--- Data under study Enclosed Below ---

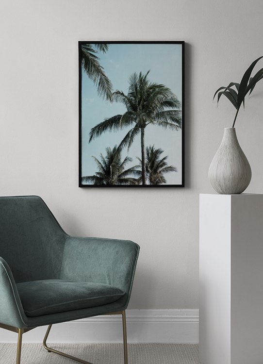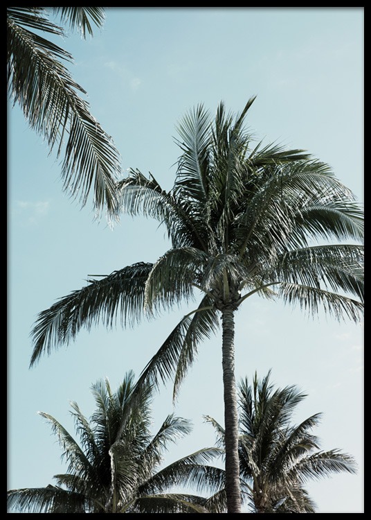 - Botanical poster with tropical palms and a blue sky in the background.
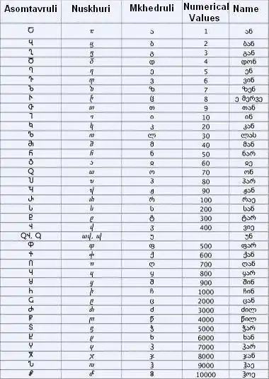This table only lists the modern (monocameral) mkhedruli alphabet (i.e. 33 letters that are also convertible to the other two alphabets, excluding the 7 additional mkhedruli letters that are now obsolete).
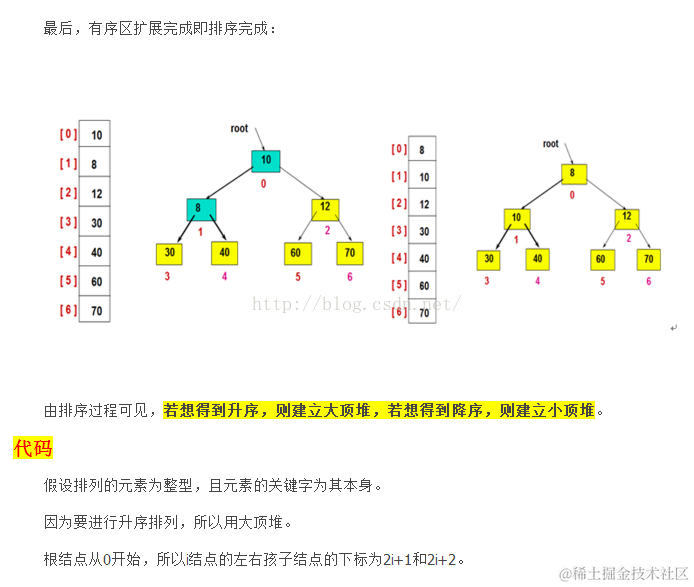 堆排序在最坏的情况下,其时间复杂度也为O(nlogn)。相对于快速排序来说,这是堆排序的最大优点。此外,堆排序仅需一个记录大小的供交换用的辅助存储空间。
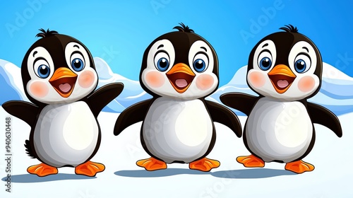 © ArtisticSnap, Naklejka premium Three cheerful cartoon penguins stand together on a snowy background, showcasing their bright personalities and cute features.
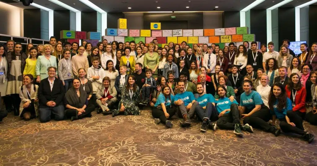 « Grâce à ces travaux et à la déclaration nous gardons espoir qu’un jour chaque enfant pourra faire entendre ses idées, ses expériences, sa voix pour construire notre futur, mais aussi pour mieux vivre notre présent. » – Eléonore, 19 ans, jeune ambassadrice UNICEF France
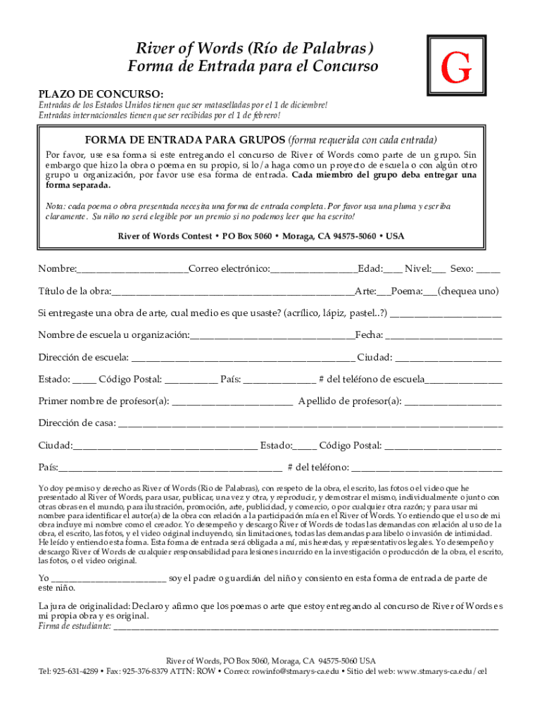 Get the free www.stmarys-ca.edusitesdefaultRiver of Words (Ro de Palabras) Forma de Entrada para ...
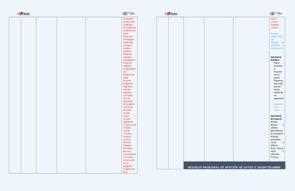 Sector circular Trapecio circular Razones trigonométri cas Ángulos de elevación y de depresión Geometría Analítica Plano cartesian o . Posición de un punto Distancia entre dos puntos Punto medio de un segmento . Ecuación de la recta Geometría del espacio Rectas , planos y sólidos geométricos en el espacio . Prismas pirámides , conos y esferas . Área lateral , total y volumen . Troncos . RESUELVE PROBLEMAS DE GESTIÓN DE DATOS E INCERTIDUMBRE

--- End of Enclosed Data under study ---

### Work instructions
Treating the line with "and cute features." as the last line to include, retype the records exactly from their first line, excluding pictures.

### Exercise response
 - Botanical poster with tropical palms and a blue sky in the background.
This table only lists the modern (monocameral) mkhedruli alphabet (i.e. 33 letters that are also convertible to the other two alphabets, excluding the 7 additional mkhedruli letters that are now obsolete).
 堆排序在最坏的情况下,其时间复杂度也为O(nlogn)。相对于快速排序来说,这是堆排序的最大优点。此外,堆排序仅需一个记录大小的供交换用的辅助存储空间。
 © ArtisticSnap, Naklejka premium Three cheerful cartoon penguins stand together on a snowy background, showcasing their bright personalities and cute features.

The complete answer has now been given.